El escritor Enrique Symms, personaje satélite del grupo que supo realizar monólogos para abrir los shows ricoteros, realizó una suerte de disculpa pública hacia Poly cuando su relación con la banda no gozaba los placeres de antaño. Quizás sus palabras sirvan como una descripción apasionada y descorazonada a la vez: “Ella siempre es tuvo ahí. Con el culo en la calle, peleando en el bar con 20 imbéciles cretinos para salvar la sarnosa fiera a punto de ir presa, con el duro culo que le permite bancarse el peor papel de la obra: el del malo, el del perseguidor, el del almacenero que hace los números, el que echa soberbiamente o recibe con una errada humildad, malvadamente precisa o arbitrariamente pasional, eligiendo a veces con la mirada de la conveniencia que enseña la calle y otras con la pasión loca de una cabra bruja”.
En la lámina interna de “Un baión para el ojo idiota” (1987, tercer disco de la banda), la ficha técnica reza “Nueve milímetros: Poli”. El guiño hace referencia a una historia incomprobable, que tuvo cierto revuelo en la prensa, donde decían que La Negra ostentó un arma para dar fin a las evasivas que llegaban a la hora de cobrar algún show. El lugar que ocupa Carmen Castro en el universo ricotero la ubica en posiciones más cercanas a “ingeniera psíquica”, “arte de magia” o “la hechicera” que soldaba “corazones con sus caricias” (según la recopila la vida discográfica del grupo en sus créditos) que a la de una patotera armada.
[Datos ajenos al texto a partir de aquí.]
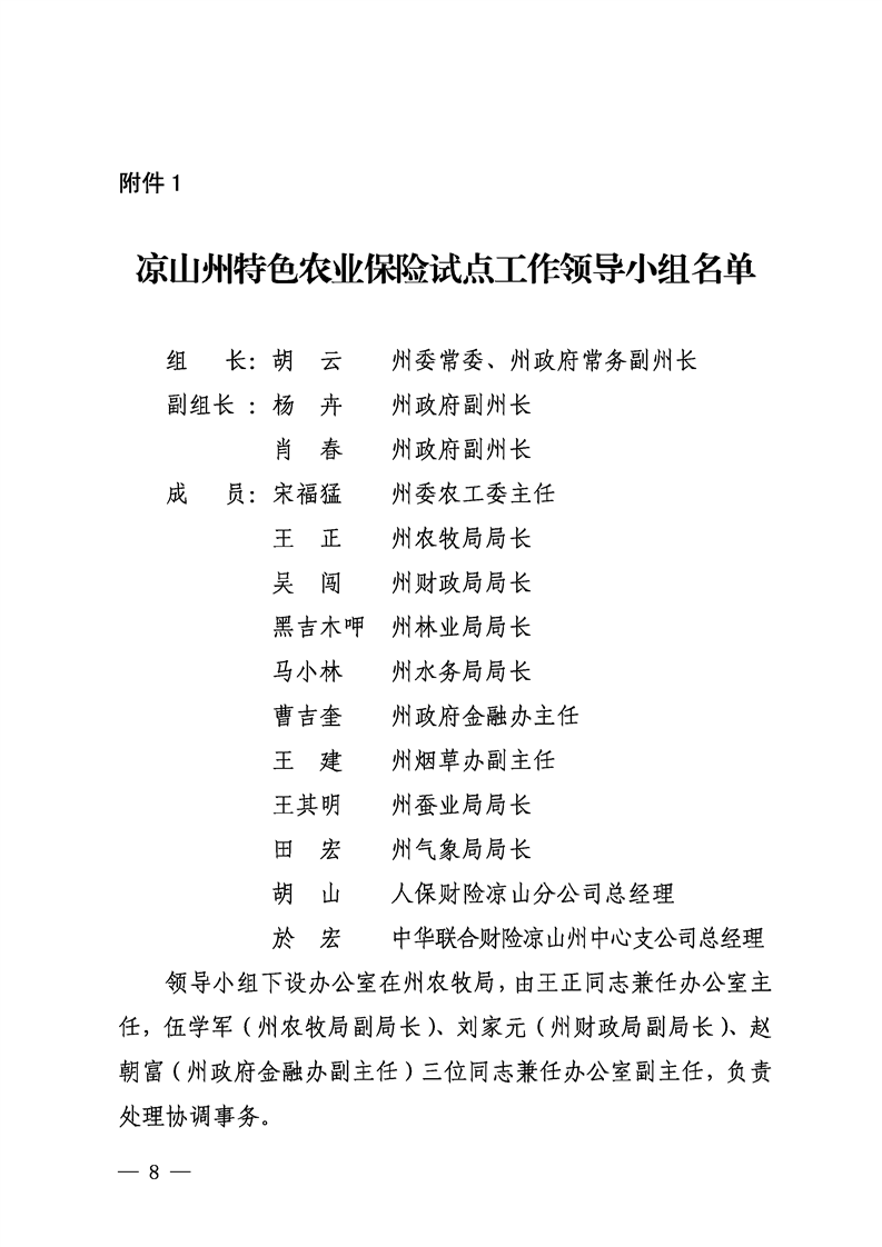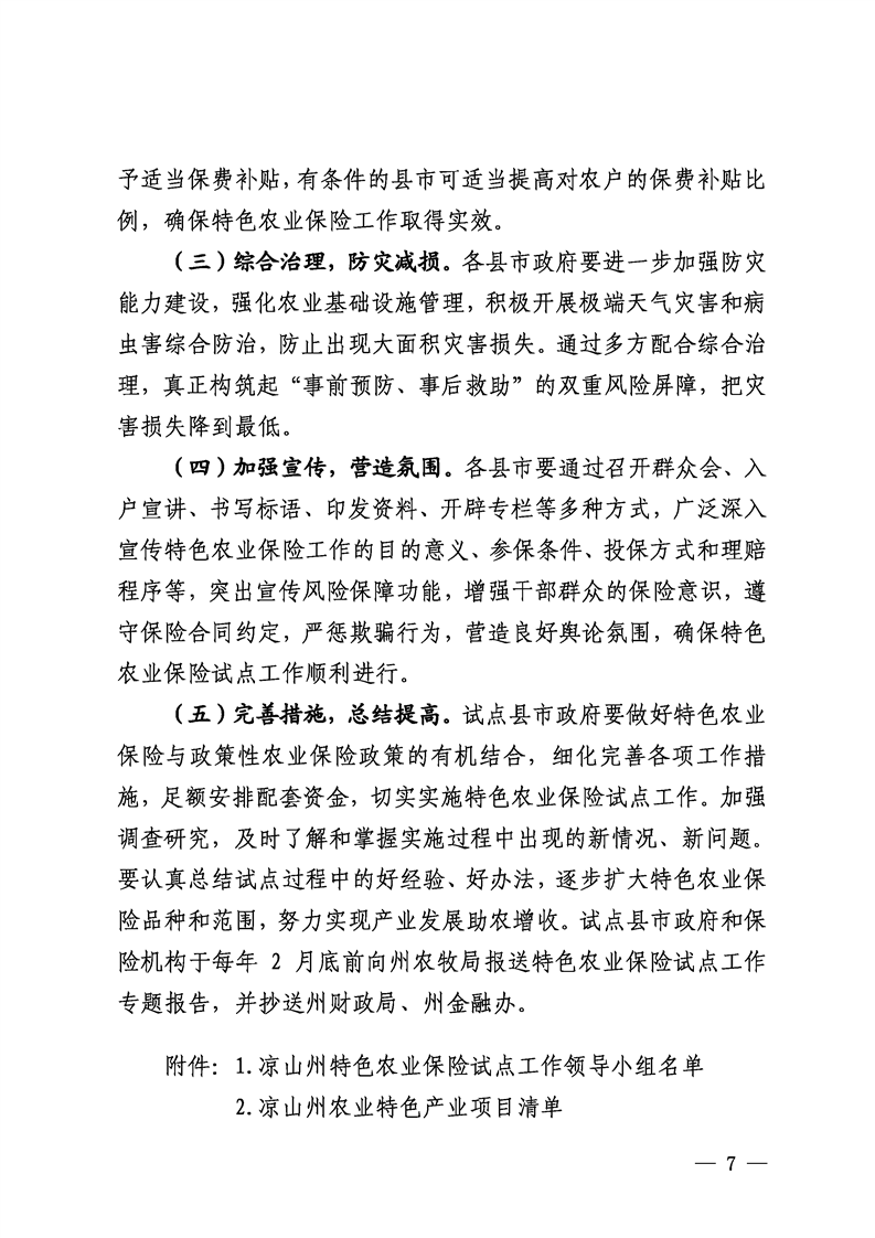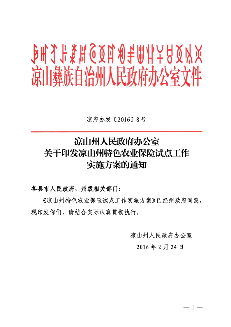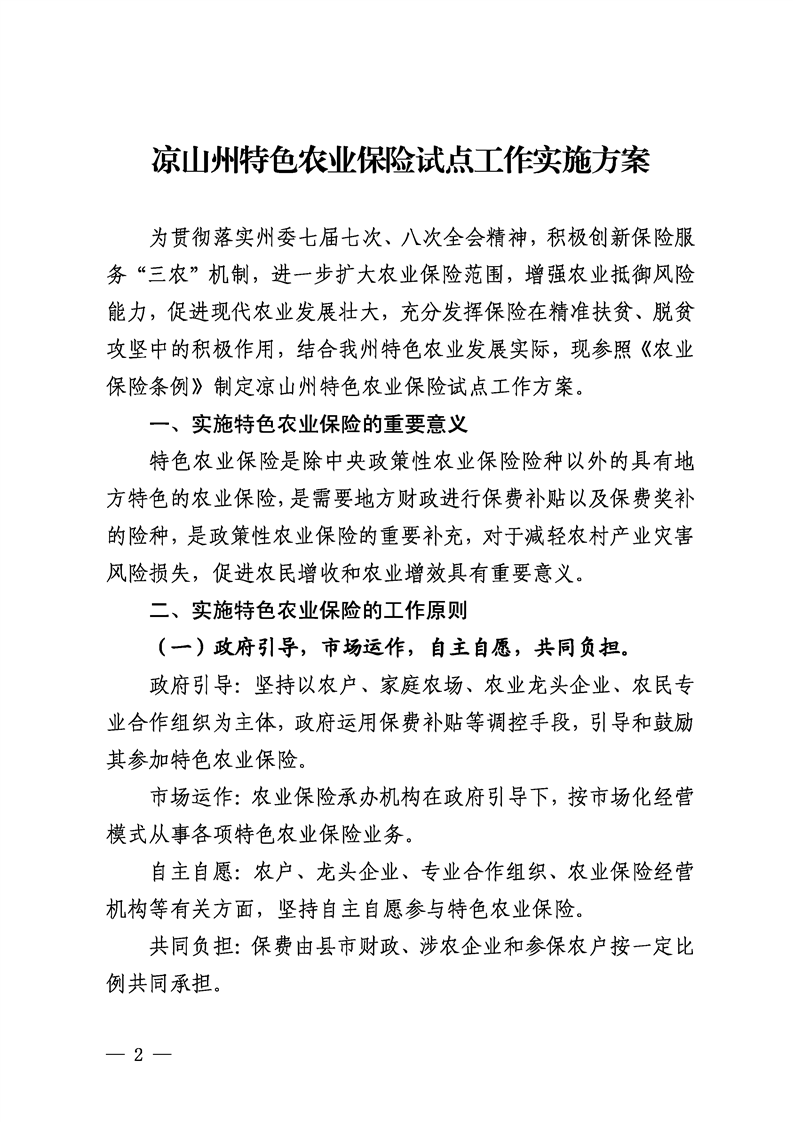 凉山州人民政府办公室关于印发凉山州特色农业保险试点工作实施方案的通知

Abrirse paso en el antiguo mundo del rock de forma independiente y siendo mujer, debe haber sido más bien obra del arte que de la violencia. Si a Skay le cantan que es el corazón, si Solari se adjudica cierta potestad como el cerebro del grupo, a Carmen Castro le quedaría ser el cuerpo. Pero hablamos de una deidad, de un ser sin forma física, de un dios nuevo y mejor hecho. Entonces, no caben dudas: la negra Poly es el espíritu de Patricio Rey.